= Joseph Arndt =

American musician

American organist Joseph Arndt is Organist and Director of Music at The Church of St. Michael & St. George in St. Louis, Missouri. He was previously Music Director at Saint John's Episcopal Church in Tulsa, Oklahoma. He has taught harpsichord and early music at the University of Central Oklahoma and Oklahoma City University. In Tulsa, he led the campaign for a new chancel organ, Opus 173 by Schoenstein & Co. He founded the Oklahoma Bach Choir and conducted a Leipzig 300 series commemorating the 300th anniversary of Johann Sebastian Bach's appointment as Thomaskantor. The series included a lecture by author and Bach scholar Christoph Wolff.

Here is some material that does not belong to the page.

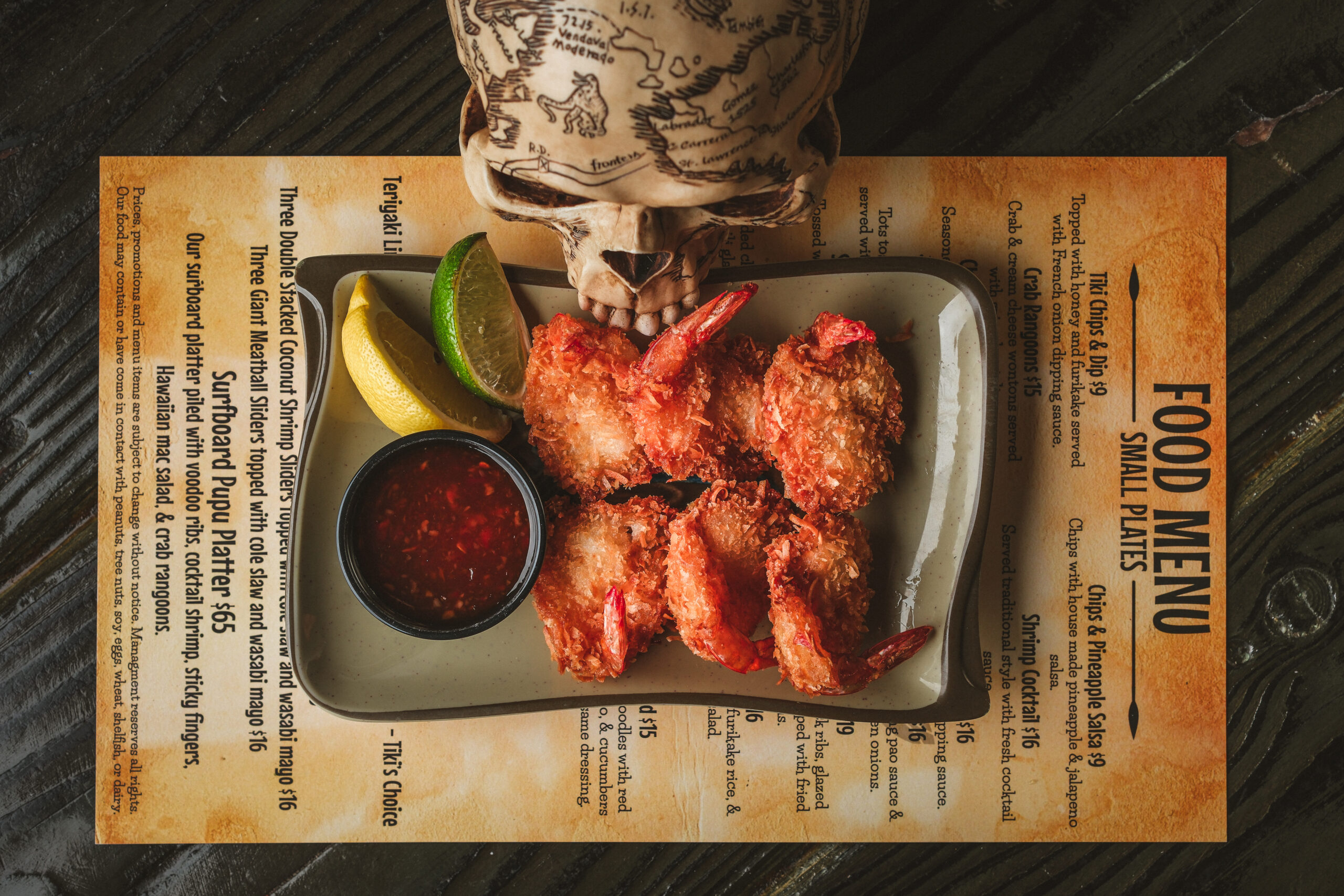The Golden Tiki will continue to offer current favorites including the Captain's Balls, Sticky Fingers, Hot Tots, Crab Rangoons, and its signature Surfboard Pupu Platter. Their menu is available 24/7 except during weekend brunch hours (12-3 pm Sat-Sun).

Prior to his move to Tulsa he was the Director of Music at Grace Church, Newark, NJ, one of the prominent Anglo-Catholic parishes in the eastern United States. He also was an assisting organist at Trinity Wall Street. He played continuo for Bach Vespers at Holy Trinity in New York for six years. He took his first church organist position at the age of 12 at St. Peter's-at-the-Light Episcopal Church in Barnegat Light, NJ. Prior to Grace Church, he held positions at St. Peter's Episcopal Church in Morristown, NJ, Christ Church, United Methodist in New York City, and Lamington Presbyterian Church in Bedminster, NJ.

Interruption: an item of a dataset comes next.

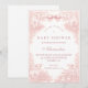 Um design de chá de bebê suave e elegante com delicadas ilustrações de toile rosa bege no estilo vintage. A moldura é adornada com cordeiros encantadores, flores, detalhes celestiais e um laço romântico, criando uma estética de berçário de livro de histórias atemporal. Perfeito para uma celebração clássica e feminina com um sentimento refinado de herança. A paleta de rosa suave e o estilo de gravação detalhado dão ao design uma atmosfera sofisticada, mas doce, que funciona lindamente para chás de bebê tradicionais ou no estilo cottagecore.

Arndt is the recipient of numerous honors, including First Place awards at the West Chester University and Joan Lippincott Organ Competitions. He received a Bachelor of Music degree from Westminster Choir College and a Master of Music from The Juilliard School. He was an Irene Diamond Graduate Fellowship recipient at The Juilliard School. Arndt's teachers include Paul Jacobs, Ken Cowan, and Diane Meredith Belcher.

Mr. Arndt has a significant interest in new music. Composers including Jonathan Dawe, Christian Carey, and Conrad Cummings have dedicated new organ works to him. He recorded Jonathan Dawe's work "Zipoli Automata" for the album "Piercing are the Darts." In 2023 he commissioned Paean by Rebecca Groom te Velde, a work now published by Oxford University Press.

He has performed organ recitals throughout the eastern United States, in addition to performances in England (including at the Clare College Chapel).